Location: Cool and Cold Water Aquaculture Research
Title: CCAAT/enhancer binding protein Beta-2 is involved in growth hormone-regulated insulin-like growth factor-II gene expression in the liver of rainbow trout (Oncorhynchus mykiss) Authors
|Lo, Jay -|
|Chen, Thomas -|
Submitted to: Endocrinology
Publication Type: Peer Reviewed Journal
Publication Acceptance Date: February 16, 2010
Publication Date: May 5, 2010
Citation: Lo, J.H., Chen, T.T. 2010. CCAAT/enhancer binding protein Beta-2 is involved in growth hormone-regulated insulin-like growth factor-II gene expression in the liver of rainbow trout (Oncorhynchus mykiss). Endocrinology. 151:2128-2139. Interpretive Summary: While insulin-like growth factor I and II (IGF-I and IGF-II) are important hormonal factors regulating the somatic growth, development and reproduction in fish, the mechanism that regulates the expression of these growth factors is still unknown. Previously we demonstrated that growth hormone regulates the expression of IGF-I and IGF-II genes in rainbow trout. The actual mechanism of how growth hormone modulates the expression of IGF-I and IGF-II genes remains unknown. Using whole fish and liver cell lines developed from the liver of rainbow trout as experimental models, we characterized the involvement of growth hormone-induced genes called C/EBPs in modulating the expression of IGF-I and IGF-II genes. These results will enable aquaculture researchers to develop strategies to manipulate the expression of IGF-I and IGF-II genes to increase the efficiency of fish production.

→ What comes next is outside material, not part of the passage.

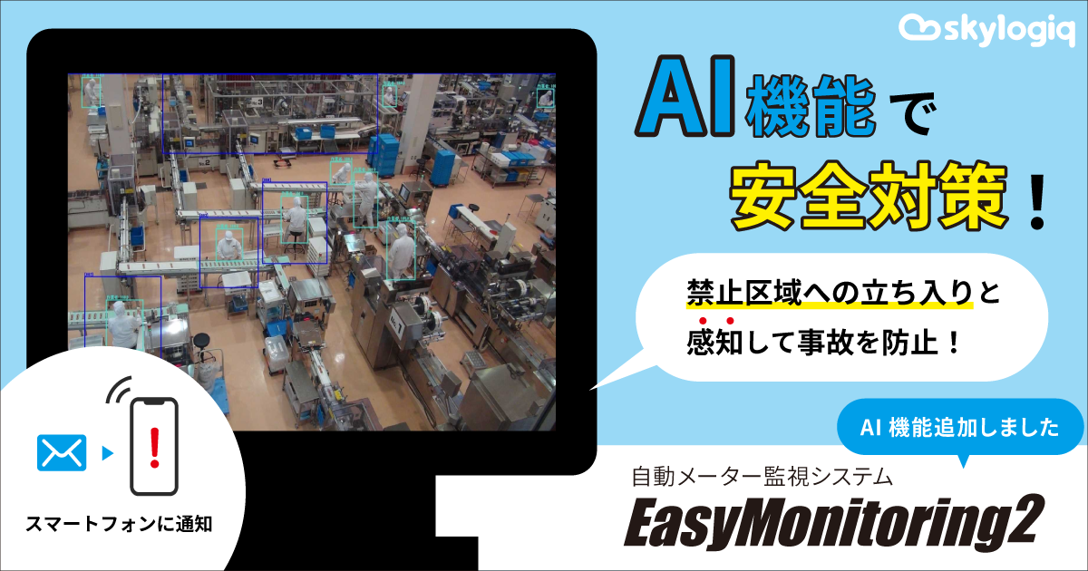 株式会社スカイロジック(本社:浜松市北区、代表:南野真吾)は、目視の巡回確認をカメラと画像処理で自動化する自動メーター監視システムEasyMonitoring2(イージーモニタリング2)にAI機能を追加し、新たにリリースしました。監視したい機器や装置にカメラを付けることで、監視対象物を一定の周期で画像処理し、人間が巡回するように正常/異常の判別や、読み取った値の記録が計器ごとにできます。AI機能により、人や動物などの監視が可能となり、様々な監視対象物や場所、状況下に対応します。今までよりさらに確認による時間と手間の削減に貢献します。

Technical Abstract: Previously, we showed that levels of different CCAAT/enhancer binding protein (C/EBP) mRNAs in the liver of rainbow trout were modulated by GH and suggested that C/EBPs might be involved in GH induced IGF-II gene expression. As a step toward further investigation, we have developed monospecific polyclonal antibodies to detect rainbow trout C/EBPa, -b1, -b2, and -d2 isoform proteins. Injection of GH into adult rainbow trout resulted in a significant increase of C/EBPb1, C/EBPb2, and C/EBPd2 proteins in the liver. Chromatin immunoprecipitation analysis revealed that C/EBPb2 binds to multiple sites at the 5' promoter/regulatory region, introns, and the 3' untranslated region of the IGF-II gene. GH treatment reduced C/EBPb2 binding to several of these regions at 6 h after injection. The decreased occupancy of C/EBPb2 coincided well with an increase of histone H4 acetylation at the proximal promoter and elevation of the IGF-II mRNA level. Immunoblotting analysis showed that C/EBPb2 existed predominately as a truncated form in the liver, and cotransfection analysis further showed that the truncated C/EBPb2 acted as a negative regulator on IGF-II proximal promoter. GH treatment caused deacetylation of C/EBPb2 in the liver. In addition,weobserved a GH-dependent interaction of C/EBPb2 with a complex involving histone H1. All together, these results suggest that C/EBPb2 was regulated at multiple levels by GH, and C/EBPb2 may play a suppressive role in mediating GH-induced IGF-II expression in the liver of rainbow trout.